We have a csv file containing movie reviews. Each row in the dataset contains the text of the review, and whether the tone of the review was classified as positive(1), or negative(-1).

We want to predict whether a review is negative or positive given only the text. In order to do this, we'll train an algorithm using the reviews and classifications in train.csv, and then make predictions on the reviews in test.csv. We'll then be able to calculate our error using the actual classifications in test.csv, and see how good our predictions were.

For our classification algorithm, we're going to use naive bayes. A naive bayes classifier works by figuring out the probability of different attributes of the data being associated with a certain class. This is based on bayes' theorem. The theorem is \(P(A \mid B) = \frac{P(B \mid A) , P(A)}{P(B)}\). This basically states "the probability of A given that B is true equals the probability of B given that A is true times the probability of A being true, divided by the probability of B being true."

Let's do a quick exercise to understand this rule better.

# Here's a running history for the past week.
# For each day, it contains whether or not the person ran, and whether or not they were tired.
days = [["ran", "was tired"], ["ran", "was not tired"], ["didn't run", "was tired"], ["ran", "was tired"], ["didn't run", "was not tired"], ["ran", "was not tired"], ["ran", "was tired"]]

# Let's say we want to calculate the odds that someone was tired given that they ran, using bayes' theorem.
# This is P(A).
prob_tired = len([d for d in days if d[1] == "was tired"]) / len(days)
# This is P(B).
prob_ran = len([d for d in days if d[0] == "ran"]) / len(days)
# This is P(B|A).
prob_ran_given_tired = len([d for d in days if d[0] == "ran" and d[1] == "was tired"]) / len([d for d in days if d[1] == "was tired"])

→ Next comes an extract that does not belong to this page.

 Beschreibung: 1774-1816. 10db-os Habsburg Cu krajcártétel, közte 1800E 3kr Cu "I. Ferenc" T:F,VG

# Now we can calculate P(A|B).
prob_tired_given_ran = (prob_ran_given_tired * prob_tired) / prob_ran

print("Probability of being tired given that you ran: {0}".format(prob_tired_given_ran))

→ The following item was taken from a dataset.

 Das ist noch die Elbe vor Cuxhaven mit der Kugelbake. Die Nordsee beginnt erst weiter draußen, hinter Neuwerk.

Probability of being tired given that you ran: 0.6

Naive bayes intro

Let's try a slightly different example. Let's say we still had one classification -- whether or not you were tired. And let's say we had two data points -- whether or not you ran, and whether or not you woke up early. Bayes' theorem doesn't work in this case, because we have two data points, not just one.

This is where naive bayes can help. Naive bayes extends bayes' theorem to handle this case by assuming that each data point is independent.

The formula looks like this: \(P(y \mid x_1, \dots, x_n) = \frac{P(y) \prod_{i=1}^{n} P(x_i \mid y)}{P(x_1, \dots, x_n)}\). This is saying "the probability that classification y is correct given the features \(x_1\), \(x_2\), and so on equals the probability of y times the product of each x feature given y, divided by the probability of the x features".

To find the "right" classification, we just find out which classification (\(P(y \mid x_1, \dots, x_n)\)) has the highest probability with the formula.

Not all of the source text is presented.